Starting with the line that holds "Cai Rang ist", reproduce each line through the last one of the data, exactly as written. Pictures are not copied.
START Dataset records
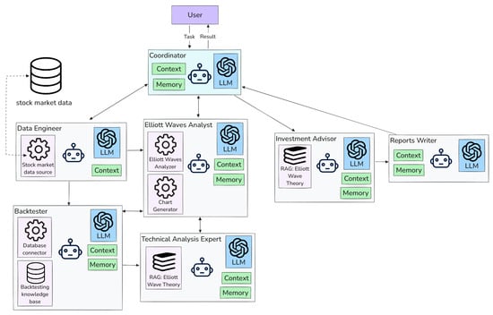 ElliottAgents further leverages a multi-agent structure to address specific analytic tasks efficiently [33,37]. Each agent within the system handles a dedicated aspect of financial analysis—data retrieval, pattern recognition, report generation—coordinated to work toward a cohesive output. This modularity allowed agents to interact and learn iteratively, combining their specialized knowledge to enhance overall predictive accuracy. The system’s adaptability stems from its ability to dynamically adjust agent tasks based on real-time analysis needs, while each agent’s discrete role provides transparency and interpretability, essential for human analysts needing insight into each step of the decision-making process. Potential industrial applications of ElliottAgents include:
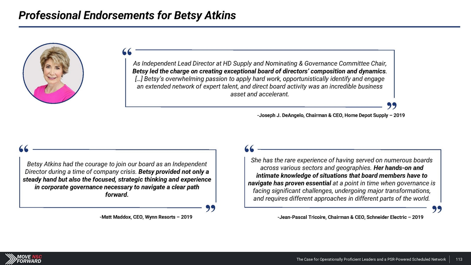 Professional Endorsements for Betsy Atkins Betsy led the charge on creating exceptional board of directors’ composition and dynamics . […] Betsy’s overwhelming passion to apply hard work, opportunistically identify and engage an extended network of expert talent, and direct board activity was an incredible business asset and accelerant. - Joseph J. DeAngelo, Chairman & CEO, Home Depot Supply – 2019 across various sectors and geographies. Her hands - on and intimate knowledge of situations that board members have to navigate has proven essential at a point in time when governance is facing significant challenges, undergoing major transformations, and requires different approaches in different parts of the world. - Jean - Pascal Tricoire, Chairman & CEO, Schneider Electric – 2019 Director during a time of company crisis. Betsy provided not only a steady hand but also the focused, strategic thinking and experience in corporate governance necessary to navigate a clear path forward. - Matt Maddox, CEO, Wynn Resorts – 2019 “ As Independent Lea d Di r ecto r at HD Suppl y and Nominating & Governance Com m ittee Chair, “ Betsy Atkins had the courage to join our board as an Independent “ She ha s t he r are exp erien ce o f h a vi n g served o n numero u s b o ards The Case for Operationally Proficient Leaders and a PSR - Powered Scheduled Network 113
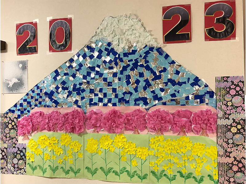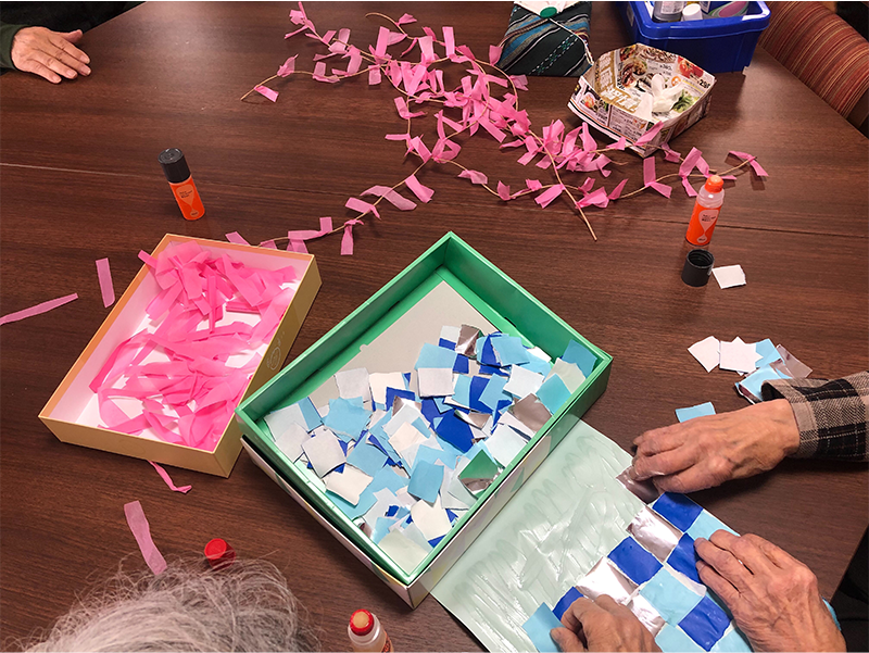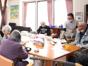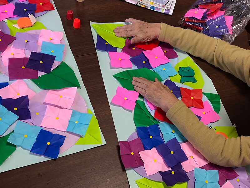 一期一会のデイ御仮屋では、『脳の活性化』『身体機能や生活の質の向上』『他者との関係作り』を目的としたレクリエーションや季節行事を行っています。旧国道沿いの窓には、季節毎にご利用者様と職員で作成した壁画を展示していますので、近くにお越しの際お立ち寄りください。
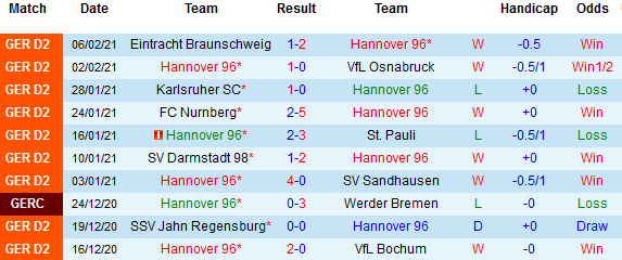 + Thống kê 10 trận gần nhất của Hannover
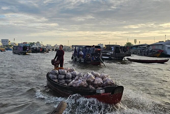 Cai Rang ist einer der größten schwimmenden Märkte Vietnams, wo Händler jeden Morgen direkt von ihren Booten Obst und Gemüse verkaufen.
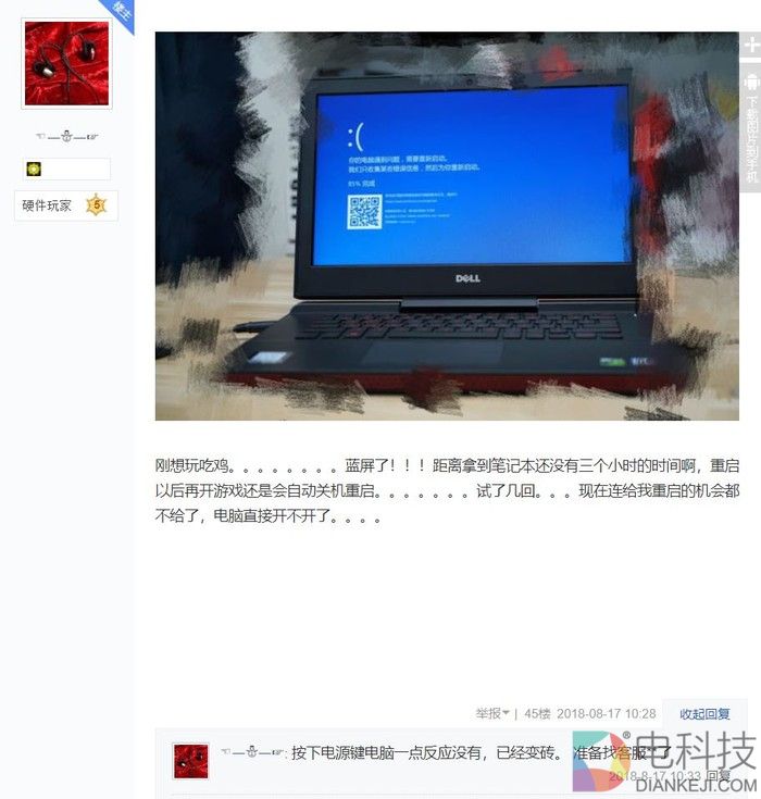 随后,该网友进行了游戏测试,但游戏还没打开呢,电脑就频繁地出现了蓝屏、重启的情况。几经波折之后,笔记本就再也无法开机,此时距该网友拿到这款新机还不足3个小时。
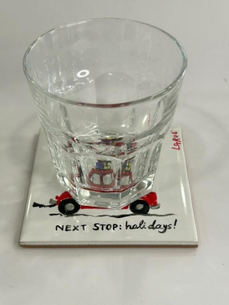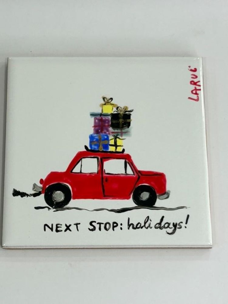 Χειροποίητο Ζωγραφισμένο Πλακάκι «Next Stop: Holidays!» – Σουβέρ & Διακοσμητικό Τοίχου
END Dataset records
## Result
 Cai Rang ist einer der größten schwimmenden Märkte Vietnams, wo Händler jeden Morgen direkt von ihren Booten Obst und Gemüse verkaufen.
 随后,该网友进行了游戏测试,但游戏还没打开呢,电脑就频繁地出现了蓝屏、重启的情况。几经波折之后,笔记本就再也无法开机,此时距该网友拿到这款新机还不足3个小时。
 Χειροποίητο Ζωγραφισμένο Πλακάκι «Next Stop: Holidays!» – Σουβέρ & Διακοσμητικό Τοίχου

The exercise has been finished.